Pumping lemma for Context-Free Languages

Question

I have a question about a specific pumping lemma problem for Context-Free Languages.

Suppose we have the following Language:

$L = \{a^{i}b^{j}c^{k}d^{l} \mid 0 < i < k \wedge j > l > 0 \}$

Here is my attemp to prove that the language is not context-free:

Assume $L$ is context-free. Let $n>0$ be the pumping length given by the lemma.

Let $z = a^{n}b^{n+1}c^{n+1}d^{n}$, then $z \in L$.

Than according to the lemma, $z$ can be written as $z = uvwxy$ where the following properties hold:

1. $|vx| \geq 1$
2. $|vwx| \leq n$
3. for every $i \geq 0$, $uv^{i}wx^{i}y \in L$.

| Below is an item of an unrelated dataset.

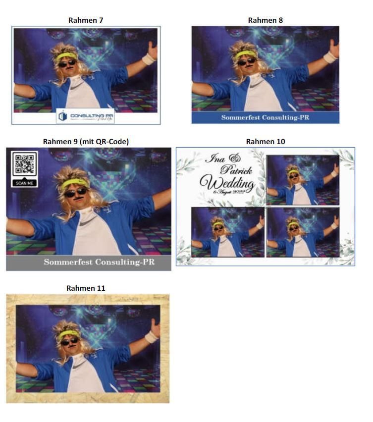 Die Fotobox können sie individuell zusammenstell. Grundausstattung ist die Fotobox mit einer Onlinegalierie für den Zugriff auf die Bilder nach er Feier und einen direktn zugriff über das Smartphone auf der Veranstaltung. Zusätzlich können folgende Komponenten optional dazugebucht werden: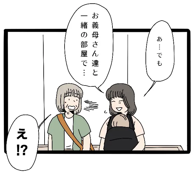 「あ・・でも、お義母さん達と一緒の部屋で・・」私がそう答えると、「え!?」とさよさんは驚きを隠せないようでした。

We have 6 different possibilities for $vwx$:

1. $vwx = a^{i}$ where $i \leq n$
2. $vwx = a^{i}{b^j}$ where $i+j \leq n$
3. $vwx = b^i$ and $i \leq n$
4. $vwx = b^{i}c^{j}$ and $i+j \leq n$
5. $vwx = c^{i}$ with $i \leq n$
6. $vwx = c^{i}d^{j}$ and $i+j \leq n$

Is this right so far? The thing that I'm unsure of is if my different cases for $vwx$ are right.

How do I choose the pumping length for case 2? If I choose $i$ = 2, what if $i$ is zero ? Then I don't have any contradiction.

Thanks in advance

Answer 1

Let me rephrase property 3 of the pumping lemma: for every $l \geq 0$, $uv^lwx^ly \in L$. Now let's consider the seven different cases:

Case 1: $vx = a^i$ where $i > 0$. Choose $l = 2$ to get $a^{n+i} b^{n+1} c^{n+1} d^n \notin L$.

Case 2: $vx = a^ib^j$ where $i,j > 0$. Like case 1 or case 3.

Case 3: $vx = b^i$ where $i > 0$. Choose $l = 0$ to get $a^n b^{n+1-i} c^{n+1} d^n \notin L$.

Case 4: $vx = b^ic^j$ where $i,j > 0$. Like case 3 or case 5.

Case 5: $vx = c^i$ where $i > 0$. Choose $l = 0$ to get $a^n b^{n+1} c^{n+1-i} d^n \notin L$.

Case 6: $vx = c^id^j$ where $i,j > 0$. Like case 5 or case 7.

Case 7: $vx = d^i$ where $i > 0$. Choose $l = 2$ to get $a^n b^{n+1} c^{n+1} d^{n+i} \notin L$.